Pictures should be left out when the listing below is repeated word for word.

————

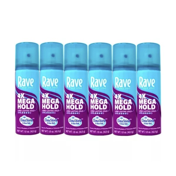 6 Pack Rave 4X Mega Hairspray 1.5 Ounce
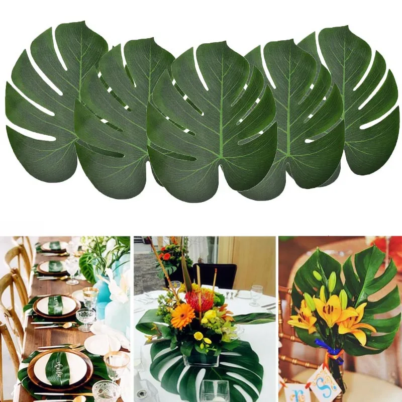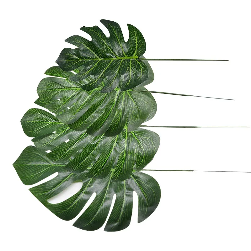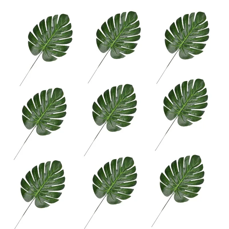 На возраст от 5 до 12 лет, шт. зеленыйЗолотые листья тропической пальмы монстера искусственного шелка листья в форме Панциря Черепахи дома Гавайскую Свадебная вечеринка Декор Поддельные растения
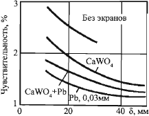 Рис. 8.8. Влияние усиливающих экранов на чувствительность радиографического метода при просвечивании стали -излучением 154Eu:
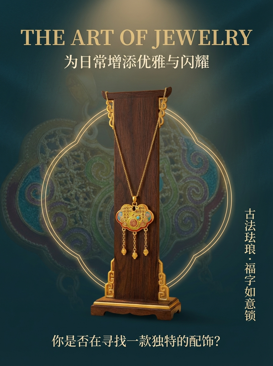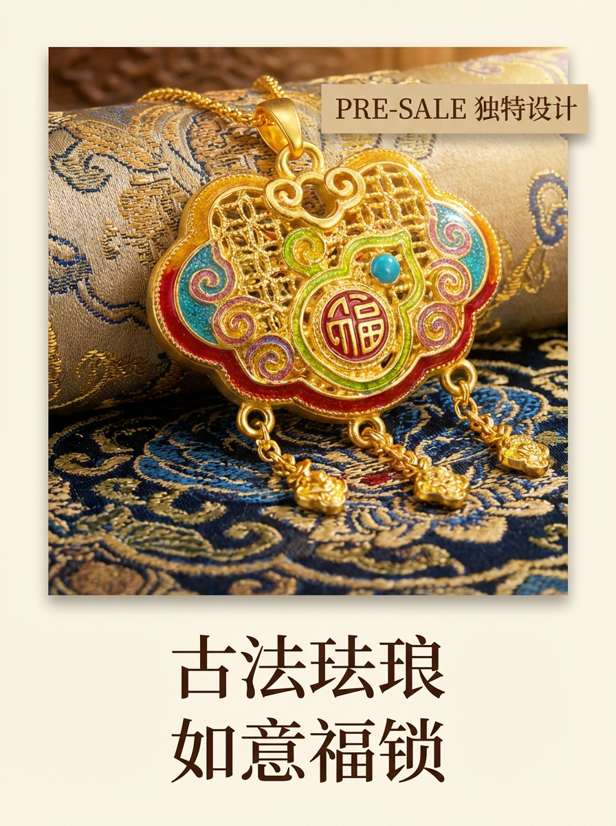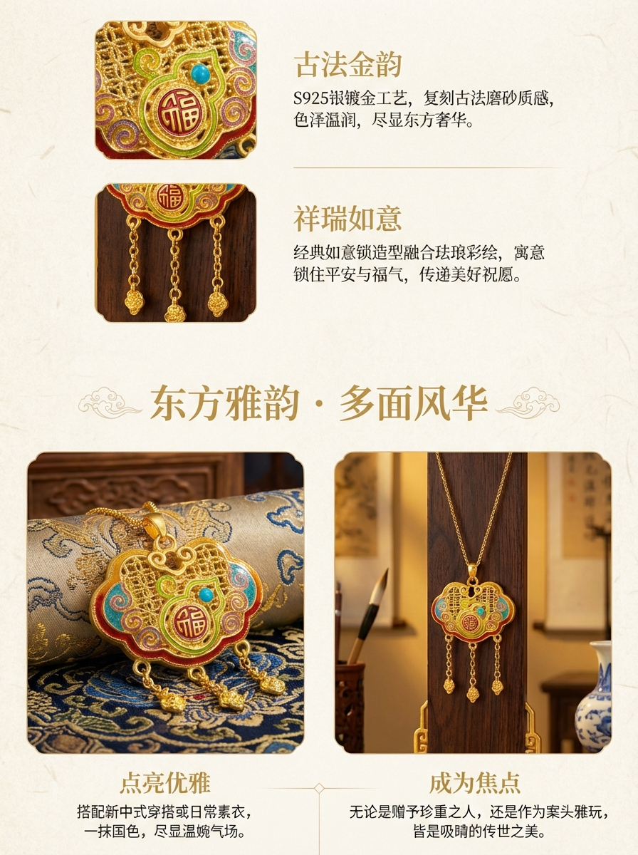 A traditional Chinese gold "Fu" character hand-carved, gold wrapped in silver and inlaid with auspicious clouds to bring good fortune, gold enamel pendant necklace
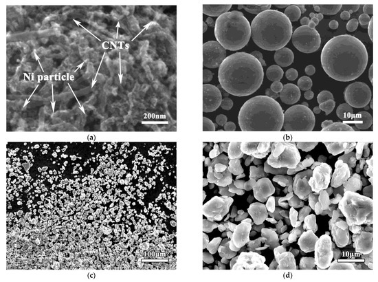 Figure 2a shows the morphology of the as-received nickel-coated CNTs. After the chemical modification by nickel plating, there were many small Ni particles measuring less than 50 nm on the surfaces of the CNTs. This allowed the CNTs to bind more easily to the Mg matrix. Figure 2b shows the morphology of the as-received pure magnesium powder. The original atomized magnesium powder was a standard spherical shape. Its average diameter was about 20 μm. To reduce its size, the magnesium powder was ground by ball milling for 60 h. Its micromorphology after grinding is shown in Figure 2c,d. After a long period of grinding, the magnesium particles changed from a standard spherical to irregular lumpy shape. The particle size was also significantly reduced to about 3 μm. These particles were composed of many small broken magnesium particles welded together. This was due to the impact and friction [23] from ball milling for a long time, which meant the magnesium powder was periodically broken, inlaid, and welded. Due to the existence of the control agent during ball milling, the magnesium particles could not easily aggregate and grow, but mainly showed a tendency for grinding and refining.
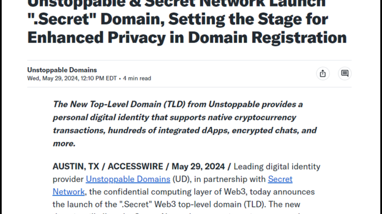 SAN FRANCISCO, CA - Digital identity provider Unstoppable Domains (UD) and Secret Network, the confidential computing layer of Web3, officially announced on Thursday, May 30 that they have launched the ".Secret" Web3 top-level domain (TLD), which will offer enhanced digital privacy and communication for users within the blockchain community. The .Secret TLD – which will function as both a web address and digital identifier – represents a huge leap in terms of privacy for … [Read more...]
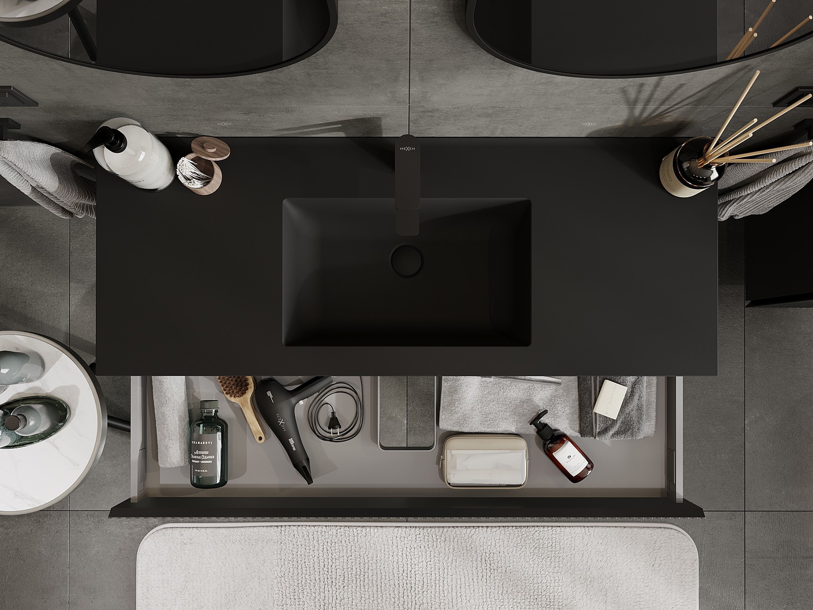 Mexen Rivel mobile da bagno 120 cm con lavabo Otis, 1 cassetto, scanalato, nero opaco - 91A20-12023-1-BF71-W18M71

————

- **Answer for the task**
 6 Pack Rave 4X Mega Hairspray 1.5 Ounce
 На возраст от 5 до 12 лет, шт. зеленыйЗолотые листья тропической пальмы монстера искусственного шелка листья в форме Панциря Черепахи дома Гавайскую Свадебная вечеринка Декор Поддельные растения
 Рис. 8.8. Влияние усиливающих экранов на чувствительность радиографического метода при просвечивании стали -излучением 154Eu:
 A traditional Chinese gold "Fu" character hand-carved, gold wrapped in silver and inlaid with auspicious clouds to bring good fortune, gold enamel pendant necklace
 Figure 2a shows the morphology of the as-received nickel-coated CNTs. After the chemical modification by nickel plating, there were many small Ni particles measuring less than 50 nm on the surfaces of the CNTs. This allowed the CNTs to bind more easily to the Mg matrix. Figure 2b shows the morphology of the as-received pure magnesium powder. The original atomized magnesium powder was a standard spherical shape. Its average diameter was about 20 μm. To reduce its size, the magnesium powder was ground by ball milling for 60 h. Its micromorphology after grinding is shown in Figure 2c,d. After a long period of grinding, the magnesium particles changed from a standard spherical to irregular lumpy shape. The particle size was also significantly reduced to about 3 μm. These particles were composed of many small broken magnesium particles welded together. This was due to the impact and friction [23] from ball milling for a long time, which meant the magnesium powder was periodically broken, inlaid, and welded. Due to the existence of the control agent during ball milling, the magnesium particles could not easily aggregate and grow, but mainly showed a tendency for grinding and refining.
 SAN FRANCISCO, CA - Digital identity provider Unstoppable Domains (UD) and Secret Network, the confidential computing layer of Web3, officially announced on Thursday, May 30 that they have launched the ".Secret" Web3 top-level domain (TLD), which will offer enhanced digital privacy and communication for users within the blockchain community. The .Secret TLD – which will function as both a web address and digital identifier – represents a huge leap in terms of privacy for … [Read more...]
 Mexen Rivel mobile da bagno 120 cm con lavabo Otis, 1 cassetto, scanalato, nero opaco - 91A20-12023-1-BF71-W18M71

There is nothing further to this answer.